Here is an old quote from Tim Vandergrift (WE rep). It's from 2005 but I've seen the same response from him in various forms over the last several years.
"Most wine kits designed to make dry table wines (such as most reds and Chardonnay--the two varieties that get malolactic when made commercially) do not require acid additions of any kind, either tartaric, malic, or citric. The juices and concentrates contain enough acid as-is.
The fact of the matter is that Winexpert kits are perfectly balanced for acidity at packaging.
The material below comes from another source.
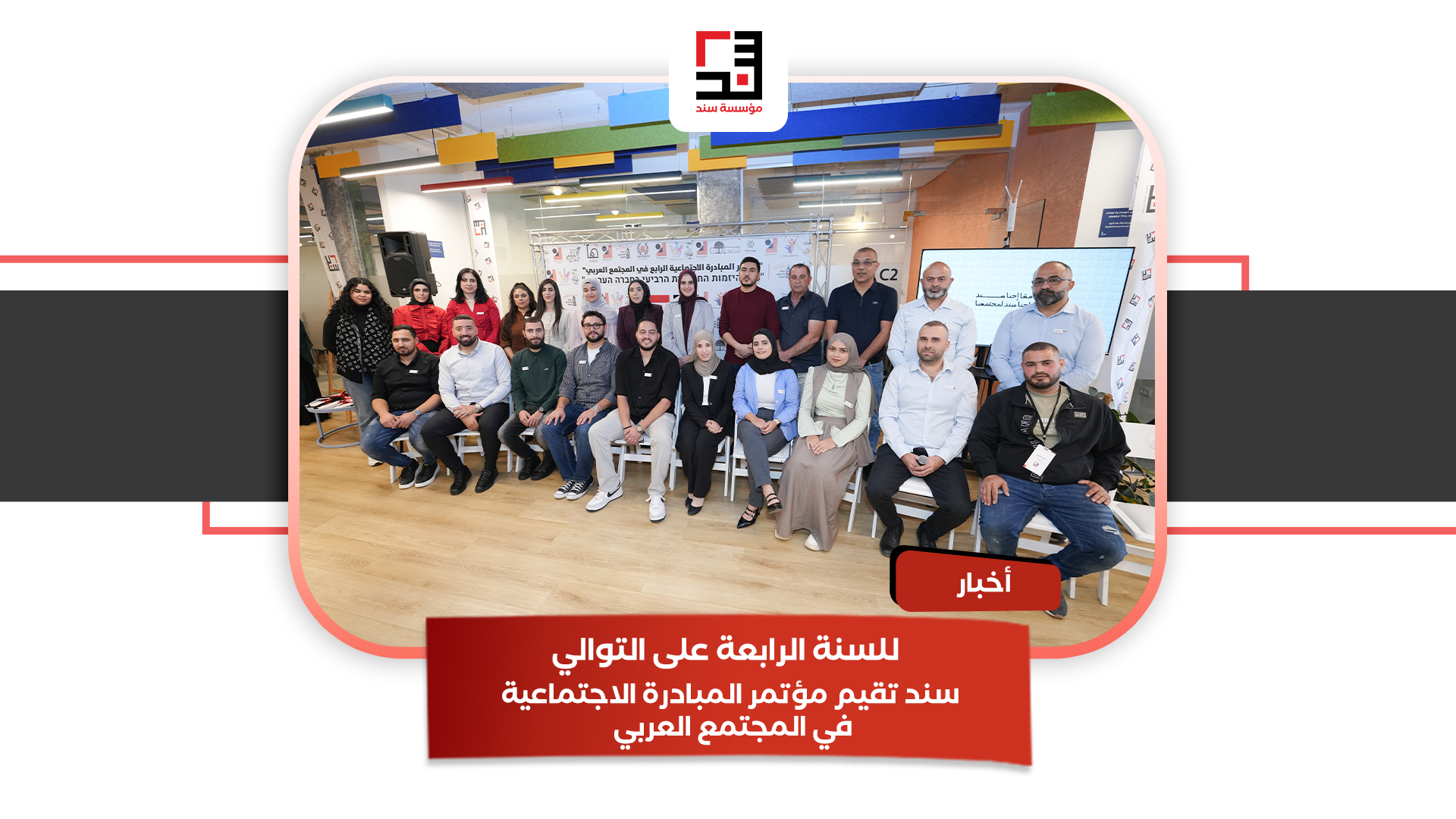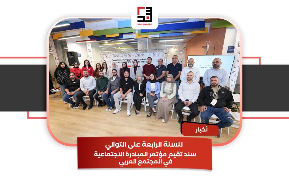 نظّمت مؤسسة "سند" للبنية التحتية التنظيمية في المجتمع العربي، يوم الجمعة الموافق 28/11/2025، مؤتمر المبادرة الاجتماعية الرابع، بمشاركة واسعة من الأعضاء والمتطوعين في المجتمعات المنظمة المحلية بالشبكة، كذلك الحاصلين على المنح الأكاديمية، المبادرين الحاصلين على المنح للمشاريع المجتمعية، والهيئات الشريكة من القطاعين العام والخاص.

A successful malolactic fermentation would change this balance unacceptably, leaving a kit flabby and weak tasting. If I re-balanced a kit for malolactic (higher levels of all acids, plus nutrients and higher pH) it would taste rather horrible without malolactic!
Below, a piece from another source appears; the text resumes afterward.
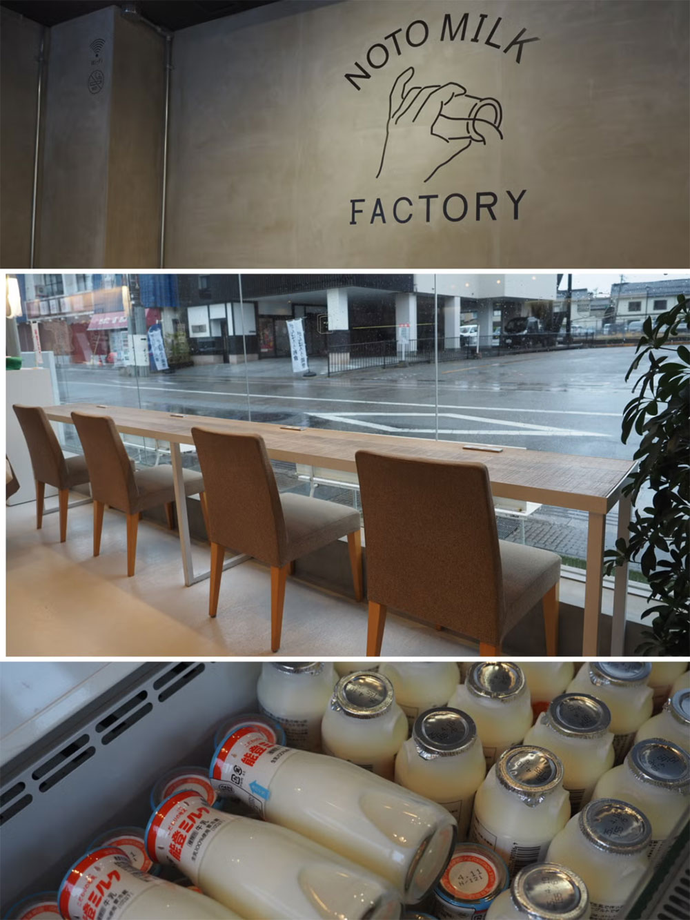 私は能登ミルクと塩キャラメルのジェラートと、ホットミルクを。ミルクジェラートっていろいろなところで食べたことがあるけど、ここのミルクジェラートはめちゃくちゃ好みでした!!! 『能登ミルク』のフォントもレトロを意識しててめちゃくちゃかわいい!

(Most of the time you can't get a malolactic fermentation going in wine kits, due to the low pH and nearly-absent levels of dissolved solids and nutrients, both of which malolactic bacteria require to grow).
In addition, the use malolactic bacteria is complex and fraught with danger for the bulk of people who buy and use wine kits. To control it correctly you need a malolactic chromatography kit, ($75.00+) and the skill to use it. Fine if you like that sort of thing, but most people (i.e., 99% of the people who buy kits) may well be happier without it. "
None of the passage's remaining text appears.